╔══

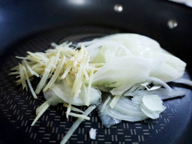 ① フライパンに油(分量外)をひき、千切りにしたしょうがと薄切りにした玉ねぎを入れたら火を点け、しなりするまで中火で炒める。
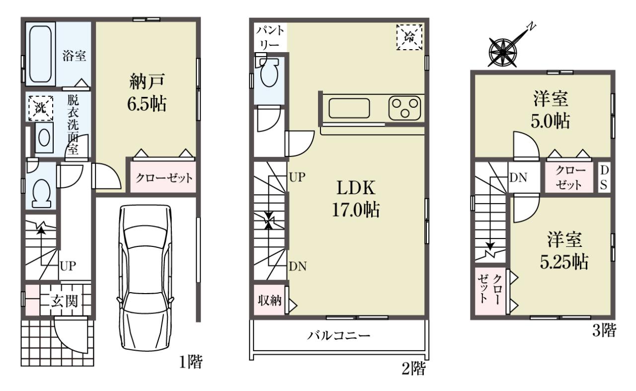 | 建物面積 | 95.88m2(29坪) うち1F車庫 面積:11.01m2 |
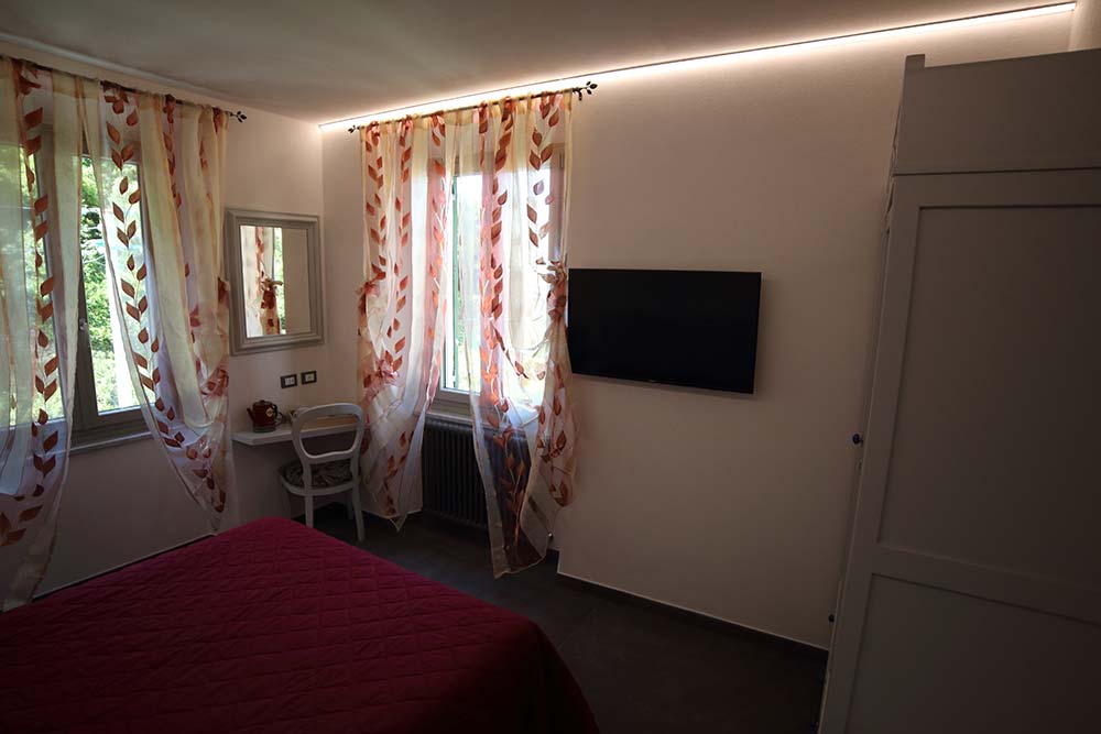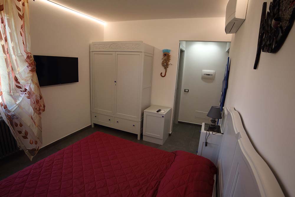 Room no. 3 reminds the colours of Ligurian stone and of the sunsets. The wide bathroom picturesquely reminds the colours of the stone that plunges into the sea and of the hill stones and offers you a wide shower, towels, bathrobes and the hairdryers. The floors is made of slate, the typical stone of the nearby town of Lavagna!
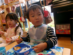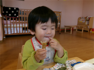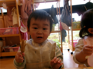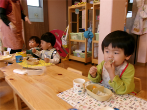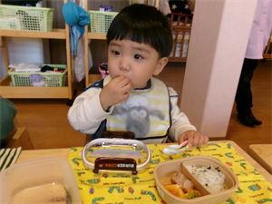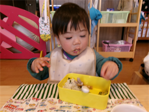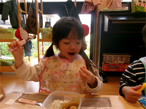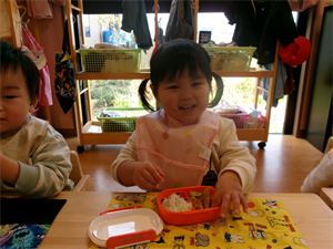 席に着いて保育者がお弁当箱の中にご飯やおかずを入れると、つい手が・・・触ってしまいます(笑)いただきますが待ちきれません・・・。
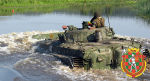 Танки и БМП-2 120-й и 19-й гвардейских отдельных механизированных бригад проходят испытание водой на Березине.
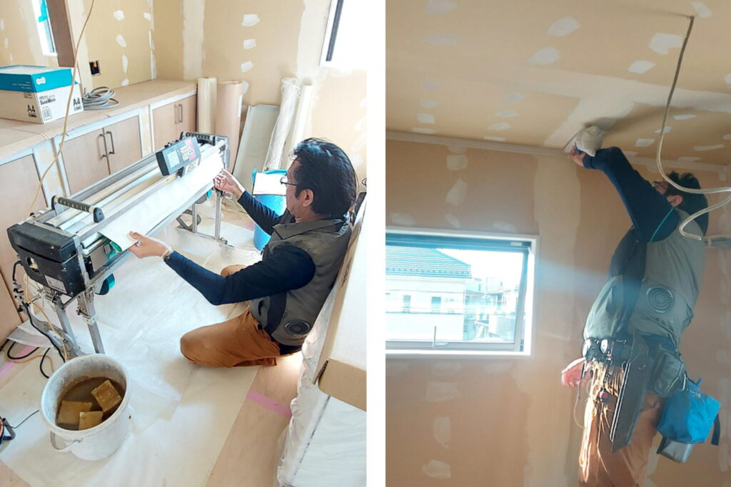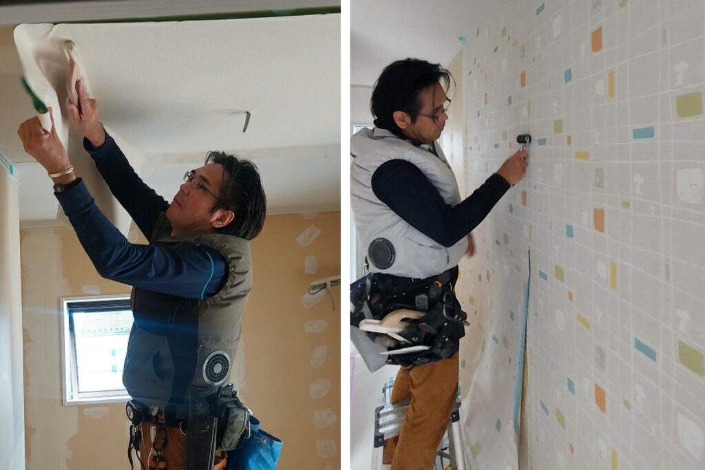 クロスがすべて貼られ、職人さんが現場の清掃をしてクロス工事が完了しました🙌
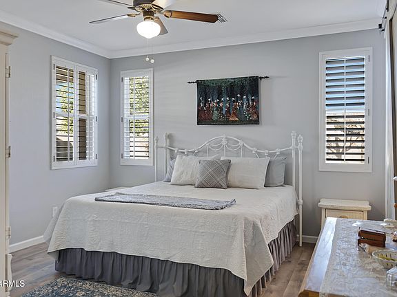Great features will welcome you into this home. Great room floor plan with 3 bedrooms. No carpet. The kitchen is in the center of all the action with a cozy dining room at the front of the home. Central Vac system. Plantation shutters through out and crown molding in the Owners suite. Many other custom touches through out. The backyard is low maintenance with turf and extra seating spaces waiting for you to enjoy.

╚══

→ **PROBLEM**
From the line with "クロスがすべて貼られ、職人さんが現場の清掃をしてクロス工事が完了しました🙌" to the final line of the records, inclusive, set down the lines exactly and add nothing; leave every picture out.

→ **YOUR RESPONSE**
 クロスがすべて貼られ、職人さんが現場の清掃をしてクロス工事が完了しました🙌
Great features will welcome you into this home. Great room floor plan with 3 bedrooms. No carpet. The kitchen is in the center of all the action with a cozy dining room at the front of the home. Central Vac system. Plantation shutters through out and crown molding in the Owners suite. Many other custom touches through out. The backyard is low maintenance with turf and extra seating spaces waiting for you to enjoy.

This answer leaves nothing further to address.